Todo esse painel de desavenças e interesses obscuros de cada personagem, faz com que a relação de amizade de Harlan com Marta funcione – mesmo que apareça em pouco tempo de tela – tais momentos mostram a ótima atuação do veterano Christopher Plummer, como um homem entristecido pelo que sua família se tornou – vendo na jovem enfermeira um único contato com alguém que parece viver no mundo real e não em cima de status e hipocrisias sobre realidades que não conhecem.
Todo esse emaranhado de temas, ainda assim, pode ser, digamos, descartado pelo espectador que queira apenas apreciar uma boa trama de investigação – Johnson se sai bem em sua homenagem a contos clássicos de detetives – como disse antes, a escritora Agatha Christie é uma base que o diretor se apropria durante quase que o tempo todo – o desenvolvimento dos personagens e os caminhos da trama são do mesmo estilo – inclusive, obviamente, até mesmo as reviravoltas – já no fim do primeiro ato, a trama já toma um novo rumo, mesmo que o final não seja assim tão surpreendente – explorando mais as hipóteses divertidas e até irônicas que o Benoit Blanc de Daniel Craig compõe – alias, é uma grata surpresa ver o atual James Bond fazendo uma criação de personagem que fica longe do agente secreto britânico – lembrando muito tanto o Sherlock Holmes de Doyle ou o Hercule Poirot de Christie, Blanc é um condutor de trama bastante simpático e inteligente – com pontuais comentários divertidos.

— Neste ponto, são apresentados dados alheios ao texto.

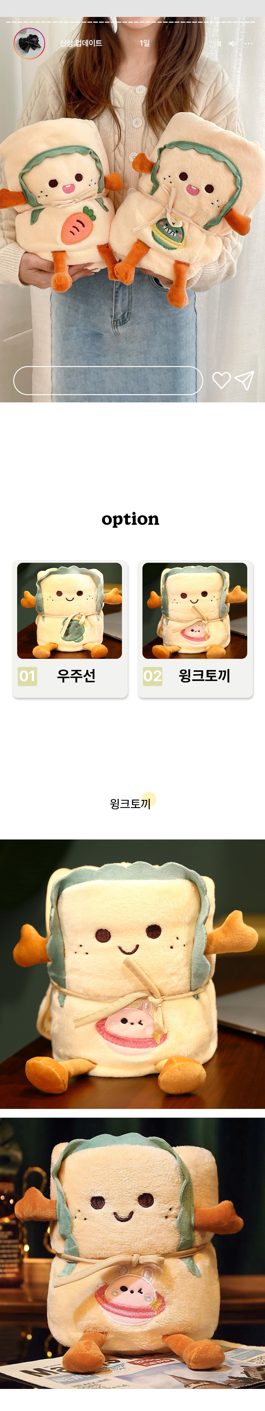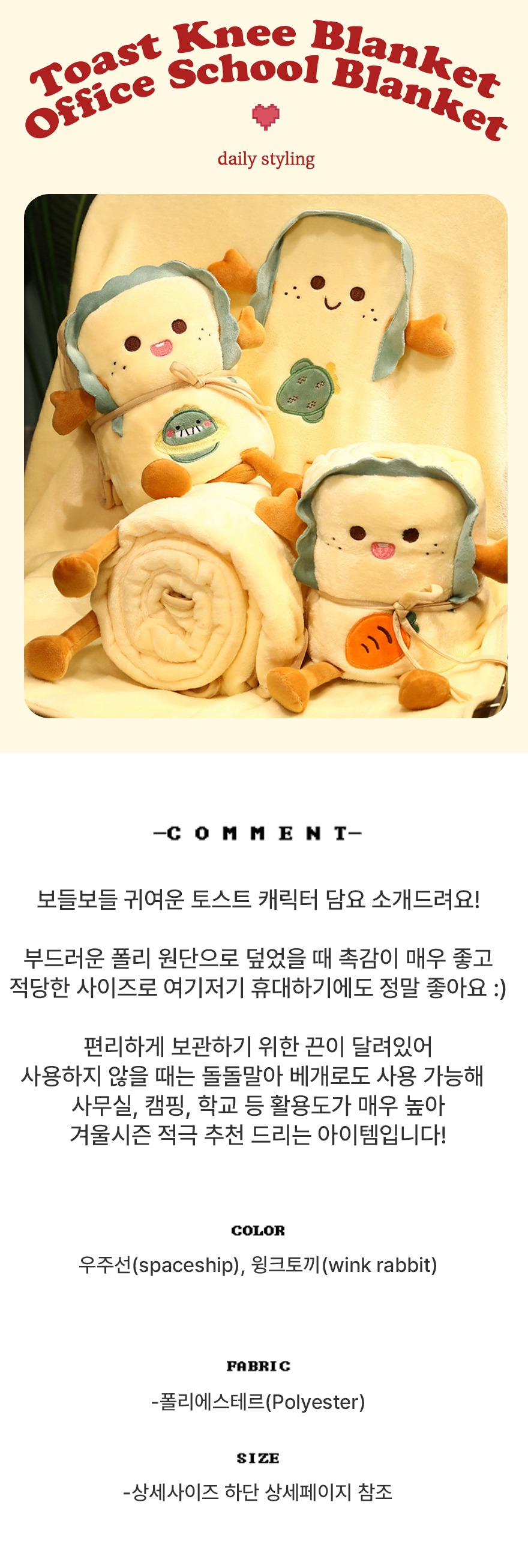 토스트 무릎담요 극세사 차량 학교 학생 사무실 블랭킷 미니 쿠션 휴대용베개

Se apoiando ainda em uma narrativa que consegue ser bastante ágil, mesmo que diante de muitos momentos dialogados (e talvez eu deva dizer que apenas um ou outro soam arrastados, mas nada grave), Entre Facas e Segredos é uma prova do talento de Rian Johnson, mostrando o potencial do diretor em conseguir fazer uma trama de detetive clássica moldada em elementos da nossa atualidade – algo que se fecha, como um ciclo muito bem pensado, com a última cena do filme – representando bem a posição justa do cineasta com os temas que ele aborda, além, é claro, da criação de personagens interessantes e verdadeiros.